Over the course of months, these issues came out as I talked to my psychiatrist. “Have you ever considered that you might have ADHD?” she asked.

“No,” I said, because I hadn’t.

“I think you have ADHD.” She nodded to emphasize it.

I trusted this doctor implicitly. She had seen me through feeling depressed, through suicidality, through drug change after drug change after drug change. She was known as one of the best in the state. If she said I had ADHD, I had ADHD.

I couldn’t have ADHD. I was a space cadet. I didn’t have common sense. I was “whifty.” I’d been told these things my entire life. I had a narrative, and that narrative said I was a moral failure. I was made this way, and by this way, I meant a mess.

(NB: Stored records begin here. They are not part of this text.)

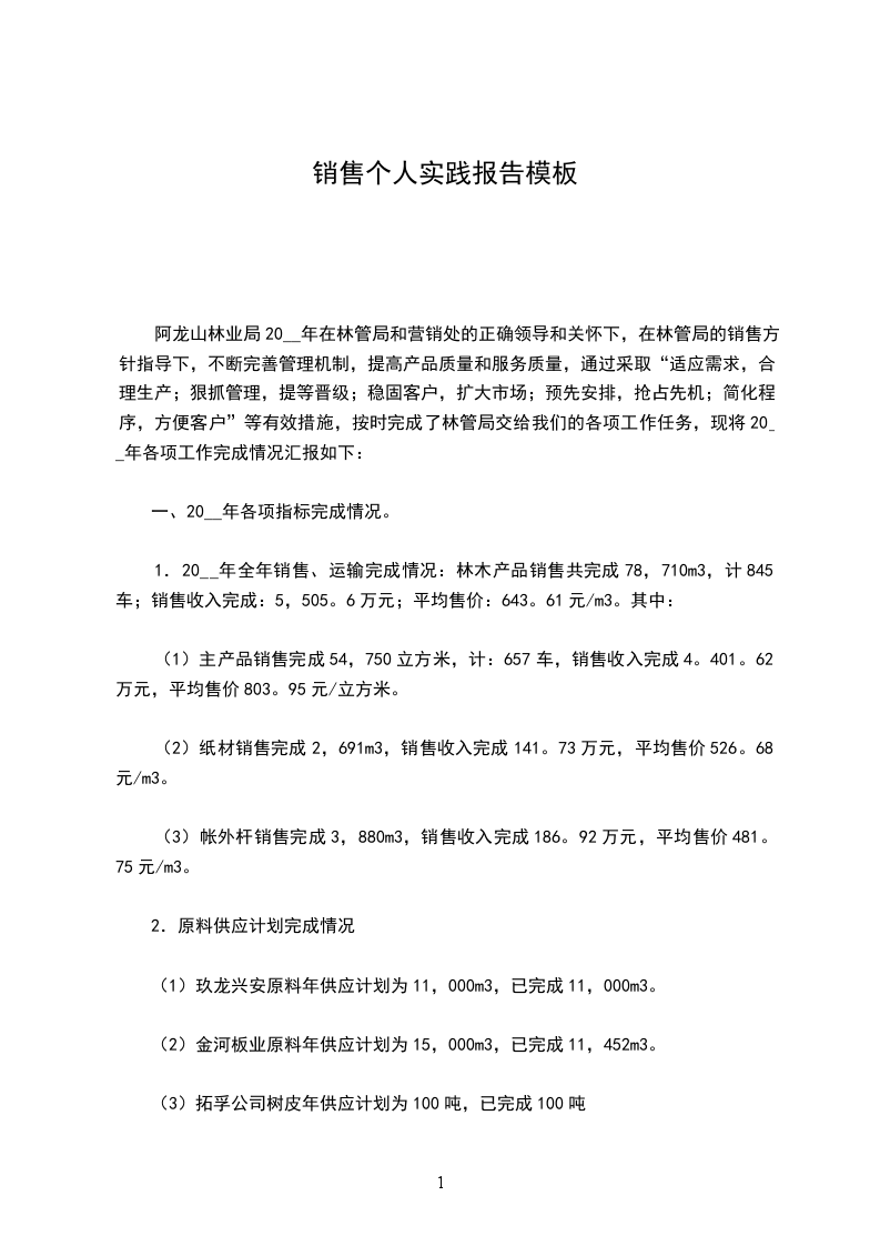阿龙山林业局20__年在林管局和营销处的正确领导和关怀下,在林管局的销售方针指导下,不断完善管理机制,提高产品质量和服务质量,通过采取“适应需求,合理生产;狠抓管理,提等晋级;稳固客户,扩大市场;预先安排,抢占先机;简化程序,方便客户”等有效措施,按时完成了林管局交给我们的各项工作任务,现将20__年各项工作完成情况汇报如下:
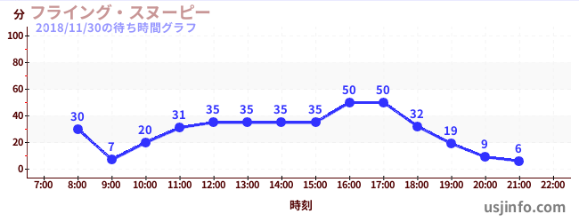 • フライング・スヌーピー$B$N(B2018年11月30日の待ち時間
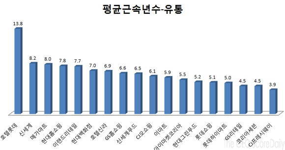 [소비자가만드는신문=이경주 기자]유통업체 직원들의 평균 근속연수가 500대 기업 평균치에 크게 못 미치는 것으로 나타났다. 여성직원의 근속연수가 5년을 겨우 넘길 정도로 짧기 때운이다.
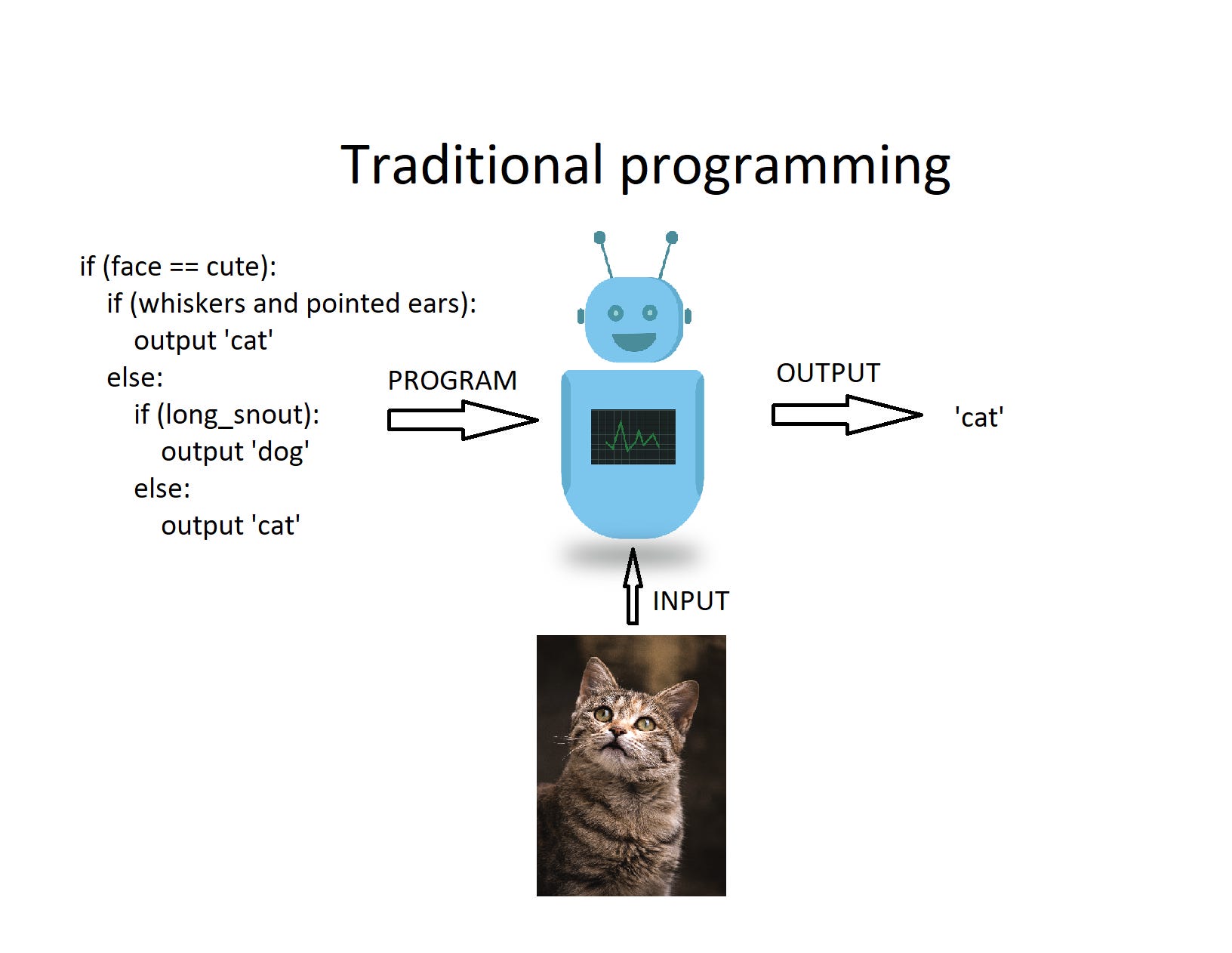 Unlike traditional computer programs that follow explicit instructions to execute tasks, AI can learn patterns and make decisions based on data. AI can, for example, estimate the price of a house by analysing numerous factors (features such as the size and age of the house, its location, real-time real-estate indicators, and many more) without being told explicitly how the price depends on these factors.
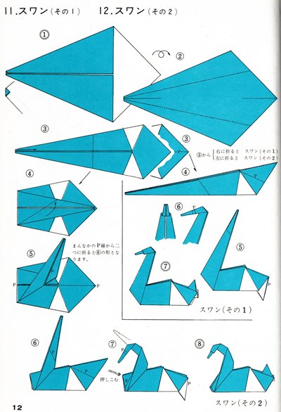 ********** 1961 As 'Swans 1 and 2' in 'Origami Zoo: Bird Book' by Isao Honda was published by Toto Shuppan Co. Ltd in 1961.
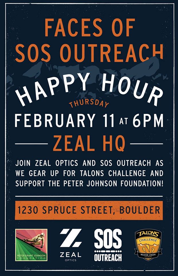 WHAT A NIGHT! We can't thank Zeal Optics for hosting our second showing of #FacesofSOS last night. The evening was complete with delicious craft beers from our friends at Upslope Brewing Company and killer raffle items from SIMS Snowboards, Osprey Packs and of course, Zeal Optics. We can't thank you all enough for spreading the love!
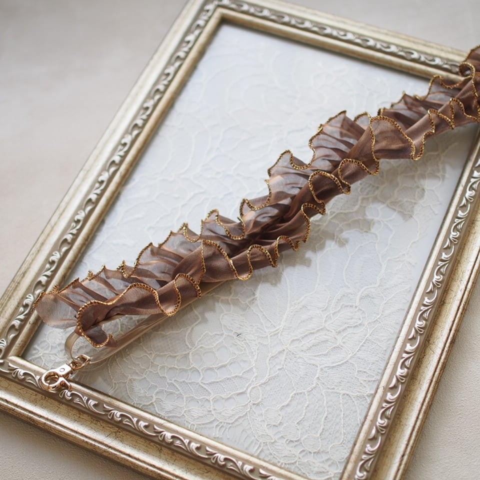 光沢感のあるマロンブラウンカラーのフリルをストラップに仕上げました。
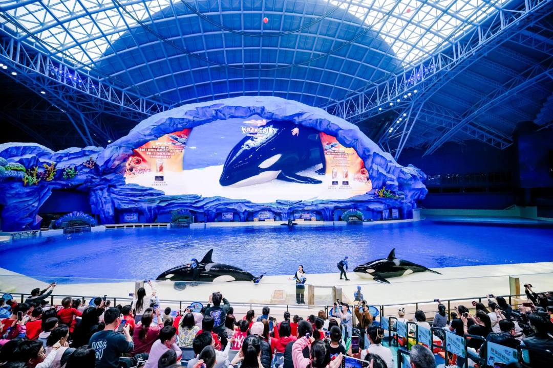 步入长隆飞船乐园,园区已“穿上”节日红装,欢快的新春鼓点奏响,节日氛围扑面而来。虎鲸大家族齐贺岁、贝加尔海豹萌趣拍肚皮、太平洋斑纹海豚跃水送福、西非海牛慵懒献礼、双髻鲨巡弋送喜、活体珊瑚“缀满吉兆”——“六大福星动物”携15万尾海洋鱼群上演“海洋动物花式拜新年”,将海洋世界的生机与新春的喜庆氛围深度融合,为游客带来独特的视觉体验。当下,长隆飞船乐园将海洋动物转化为情感化的“福星”IP,与春节超级文化符号创新融合,正从单一游乐转向一站式情感消费的记忆创造地。
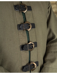 La tunica Oberon ha sei cinturini in pelle che la chiudono come un cappotto, rendendola facile da indossare e da togliere. Inoltre, il suo collo alto e le applicazioni sulle maniche gli conferiscono un carattere ufficiale e uniforme che ti farà sentire potente e maestoso, come se fossi un vero mago o chierico.
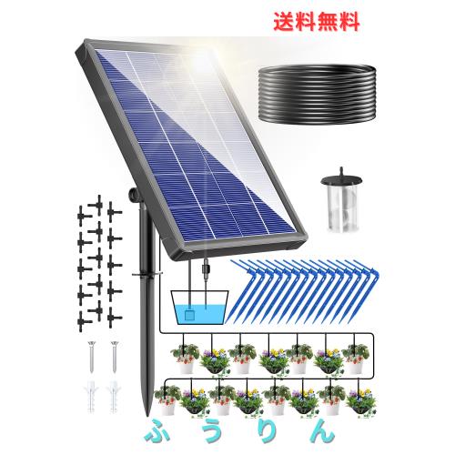 [ソーラー自動灌水器]電源も水道も要りません。ソーラーパワーで自動給水、複雑な配線等が一切いりません。太陽光で動くポンプが水タンク(別売り)からチューブを通して複数のノズルに自動配水目的と規模に応じた水やりを実現出来します。2200mAh充電電池内蔵していますので、曇りの日でも給水可能。
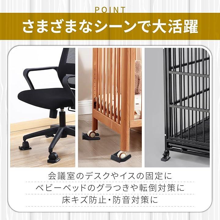 「さまざまなシーンで大活躍」会議室のデスクやイスの固定に/オフィスチェアやワゴンのズレ防止に/台車やキャビネットの固定に/ベビーベッドのグラつきや転倒対策に/地震対策に/床キズ防止・防音対策に
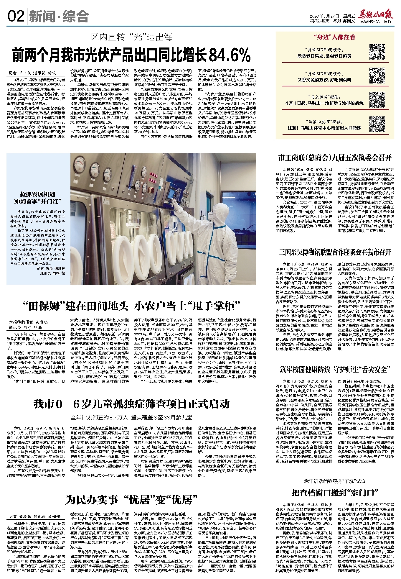 “光伏产业是绿色低碳的朝阳产业,也是安徽省重要支柱产业之一。作为‘新三样’之一,光伏组件出口的提速,对推动外贸高质量发展具有重要意义。”马鞍山海关综保区监管科科长李松表示,马鞍山海关将继续以服务企业为导向,深化改革创新,完善综保区功能,为光伏产业及其他产业提供更加高效便捷的服务,努力推动马鞍山综保区朝着对外开放前沿的目标不断迈进。
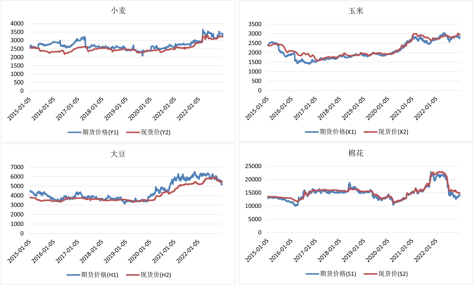 数据选取自国泰安数据库,涵盖玉米、小麦、大豆、棉花四种农产品的期货与现货相关数据,样本区间设定为2015年1月1日至2022年12月31日。该区间内共包含1947个交易日,对应每种农产品的期货价格与现货价格均各有1947个观测值。
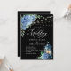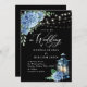 Blå Hydrangea Lantern Black Background Bröllop Inbjudningar
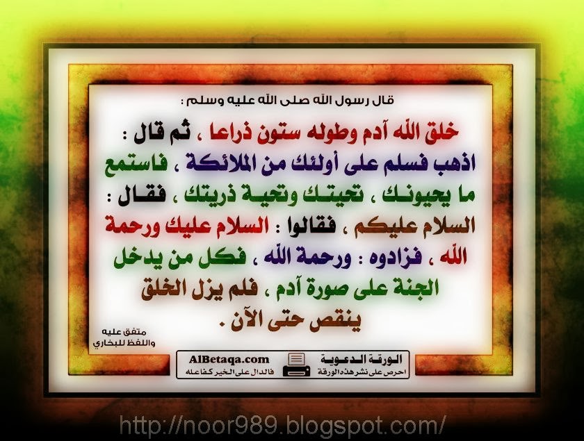 خلق الله ادم وطوله ستون ذراعا ثم قال اذهب فسلم علي اولئك من الملائكة مدونة نور الكتاب والسنة

It took me weeks to accept that these things I did could possibly be not my moral failing, but the result of a disease. And I didn’t do it by looking at my adulthood. If ADHD was a disease, it stands to reason I had it as a child. So what were the signs of it?

I lost everything. I dreaded an adult sending me to retrieve something, because I wouldn’t be able to find it, and I’d be berated and told I had no common sense. I drifted off in class and wrote stories instead of paying attention. I didn’t study for quizzes until the period before. I finished homework in other classes; I got yelled at for forgetting things. They called me a space cadet. They called me “whifty.” They said I had no common sense.

Clearly, I had ADHD. I was so wedded to the language people used to describe me that I could hardly accept my own diagnosis. My parents still don’t accept it (probably because they’re ones who used that language).

This is common among adult-diagnosed ADHD. ADHD changes the way you view events: I couldn’t remember her name not because I was distracted, but because names are incredibly difficult for me. My car’s not a mess because I’m a slob but because I’m too distracted to keep my car clean. ADHD can alter the narrative of an entire life. A diagnosis can spark a serious life examination, and lead to you seeing people and events in different ways.

Both Joey and I have accepted and internalized our diagnosis. We understand the effects of ADHD: the ways it might affect our lives now, and the way it may have affected our lives in the past. It was difficult. But it’s something every adult diagnosee has to go through. Luckily, on the other side, lay self-forgiveness, self-awareness, and a new gentleness with yourself-and with others. It’s a hard process. But the other side is worth it.